Sri Lanka rupee’s non-credible peg to the US dollar which was kept to around 203 in the breach with the moral suasion has broken to 211-215 levels with most banks giving up on the earlier, rate, market participants said.
Most domestic banks have started to sell dollars around 211 to the US dollar to importers while foreign banks are selling around 215, market participants said.
On Tuesday Commercial Bank was quoting a rate of 206.50/211.00 for Telegraphic Transfers, Hatton National Bank 206/211, Seylan Bank 204/211.
State-run Bank of Ceylon was still quoting 198.50/203 on their website with a proviso that deals above 7,500 would have to get a quote from the dealing room.

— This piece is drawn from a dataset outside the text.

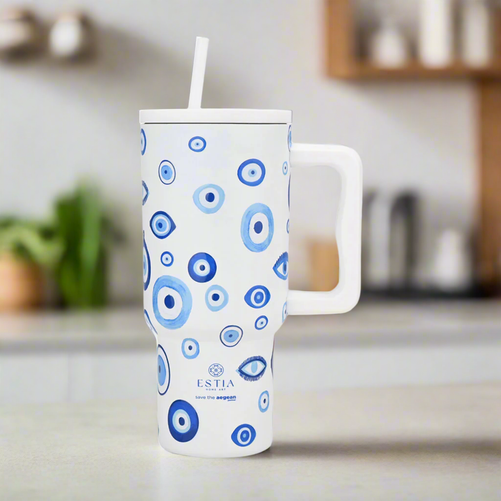 Estia Straw Tumbler XL Save The Aegean Ποτήρι Θερμός με Καλαμάκι Series 3 - 900ml

Sri Lanka’s rupee peg is non-credible (or soft) due to liquidity injections and the lack of floating overnight rate to keep the exchange rate fixed (credible peg).

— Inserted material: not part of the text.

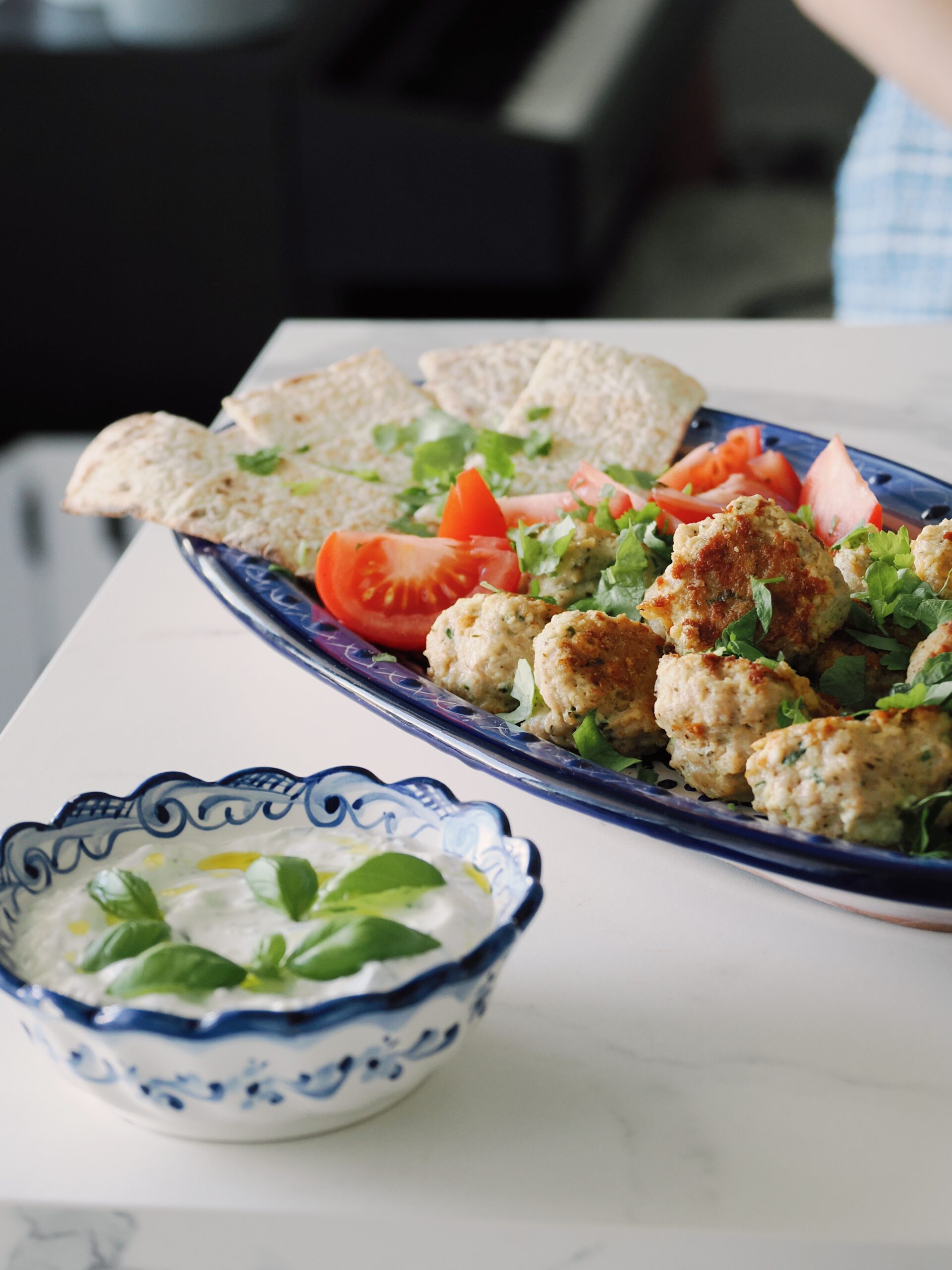 Sekoita jogurttikastikkeen ainekset keskenään ja laita jääkaappiin maustumaan hetkeksi.

Sri Lanka has been printing large volumes of money to pay state worker salaries and keep interest rates low and turn government debt into reserve money (bank notes or liquidity) at weekly bill and bond auctions which then hit the forex markets.
Two weeks ago a failed bond auction injected 53 billion rupees into money markets only part of was taken out before it disappeared as outflows mostly through government debt.

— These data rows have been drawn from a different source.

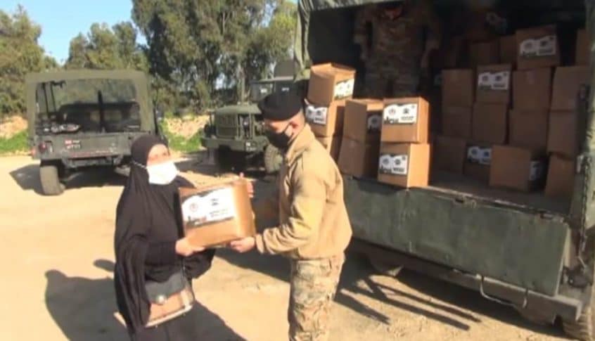 بدأت عناصر الجيش توزيع نحو 2000 حصة غذائية مقدمة كهبة من جمعية “مارتش” بدعم من السفارة البريطانية في لبنان، وذلك في إطار برنامج التعاون العسكري ـ المدني (CIMIC)، وستستمر عملية توزيع الحصص لغاية 24 من الشهر الحالي على ان تشمل مناطق : جبل محسن، باب التبانة، البداوي، المنكوبين، المينا، الزاهرية، القلمون، بحنين في طرابلس والشمال.
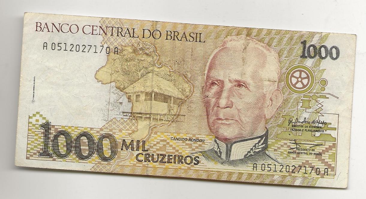 BRASIL 1000 CRUZEIROS CIRC Year: 0Condition: CIRCULATEDFOLDS /CREASES NO TEARS OR STAINS SKU: 35191Price: £0.50£0.50
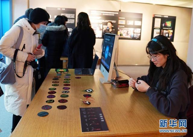12月15日,觀眾在參觀上海大學(xué)可穿戴技術(shù)與中國非遺刺繡創(chuàng)新實(shí)驗(yàn)工作坊項(xiàng)目。

Unlike in mid 2020, when private credit collapsed, with stronger economic activity and growing private credit, printed money hits the forex market faster as cascading credit takes place.
Weak confidence had also led to capital flight from stock markets where foreign investors benefited from rising stock prices due to liquidity injections and higher profits reported by so-called ‘crony’ import substitution firms before costs and weak demand caught up with them.
Analysts had called for curbs on the domestic operations of the central bank as policy became increasingly activist since 2011 with discretionary policy involving ‘flexible’ exchange rate and ‘flexible’ inflation targeting.
Sri Lanka needs monetary discipline to avoid further downgrades: Bellwether
Bank Treasurers had warned authorities at a meeting on Wednesday that the non-credible peg at 203, which was kept through a moral suasion and informal agreement was not tenable.
Due to bar on outright interbank trading there is no price transparency for the dollar rupee rate in the spot or forward market, leading to banks charging and paying various rates to exporters and importers based on bargaining power.
Another meeting with authorities is due shortly, market participants said.
Sri Lanka’s has fallen victim to Keynesian stimulus, discretionary monetary policy and undermining of Treasuries auctions since the end of the war, critics have said.